The remaining patient was managed with watchful waiting due to the long time elapsed from the formation of the pseudoaneurysm (12 months) and its stable size from the time of diagnosis.

In 2021 we contacted the parents of the patients and confirmed that the patients were asymptomatic and did not have any sequelae. In all patients, the cosmetic outcomes of the surgical scar were good. The mean duration of follow-up was 88.8 ± 53 months. Only the patient managed conservatively continued to require follow-up every 2 years, but the size of his pseudoaneurysm has remained stable to date.

Paediatric post-traumatic pseudoaneurysms are rare but potentially serious lesions. Although they are more frequent in children under 1 year, especially in neonates, post-traumatic pseudoaneurysms can also occur in older patients, as was the case of 1 of the patients in this case series.

Pseudoaneurysm should be suspected in the presence of a progressively growing pulsatile mass following manipulation of a vascular access line, and external compression should be initiated as soon as possible. The diagnosis is confirmed by imaging, and Doppler ultrasound is considered the gold standard. The yin–yang sign is commonly observed in the Doppler ultrasound scan, but its specificity is only moderate.6 Doppler flow imaging showing antegrade flow during systole and retrograde flow during diastole allows diagnosis of arterial pseudoaneurysm (but not venous pseudoaneurysm).

The use of other diagnostic techniques should be adapted to each individual clinical scenario (for instance, if a paediatrics or anaesthesia team capable of performing sedation is available to perform a MRA, or axial multiphase CTA delayed phase imaging is chosen, taking into account the significant exposure to radiation that it entails).

In recent years, new therapeutic options have emerged, such as ultrasound-guided intralesional thrombin injection or endovascular treatment. However, the clinical experience with these modalities in paediatric patients is scarce and should be interpreted with caution given the absence of specific studies supporting their use.

We ought to note that intralesional thrombin injection requires a prior echocardiogram to exclude the presence of an atrial septal defect or patent foramen ovale, in case of possible migration of the injected material (a rare complication, but one that may occur in the case of atrial septal defect). This is especially relevant when the pseudoaneurysm involves the venous territory.

Withholding treatment with close monitoring is a reasonable approach to management in patients with long-standing post-traumatic pseudoaneurysms that have been stable over time, although the experience with this type of case is limited in our hospital.

Although there are no clinical guidelines for the management of post-traumatic pseudoaneurysms in the paediatric population, it is assumed that the risk factors for rupture are similar to those in adult cases of pseudoaneurysm (maximum diameter, morphology, etc.). In our experience, the initial management should be surgical, unless, as happened in one of our patients, there is evidence of long-standing aneurysmal stability, in which case conservative management may be a reasonable option.
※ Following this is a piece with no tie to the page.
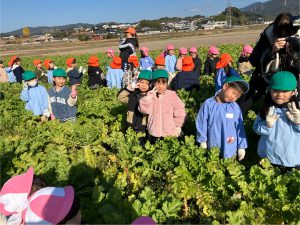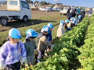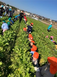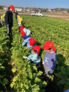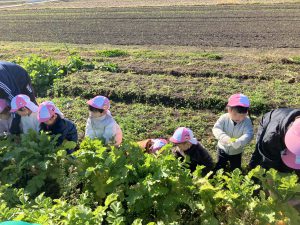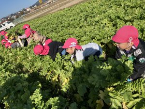 畑に到着すると、土から出ている沢山の大根の葉っぱにびっくり😳!!うねの間を歩くのも一苦労でした!大根を引っ張ってみると、思わず尻もちをつく姿も…!!みんな一生懸命に収穫し、色々な形や大きさの大根を見つけて楽しんでいました😊

Nevertheless, in our experience, surgery performed by an experienced specialist is a curative treatment with optimal short- and long-term results.

One of the main barriers is the lack of surgical training on a highly infrequent and technically complex pathology. Some feasible options to facilitate such training would be experimental microsurgery courses, specific rotations in vascular surgery departments or the use of artificial vascular simulators (with 3D printing, silicone prostheses, etc.).

When it comes to the prevention of post-traumatic pseudoaneurysms, clinicians who treat children, especially infants under 1 year of age, should receive specific training on vascular access management to reduce the risk of iatrogenic lesions.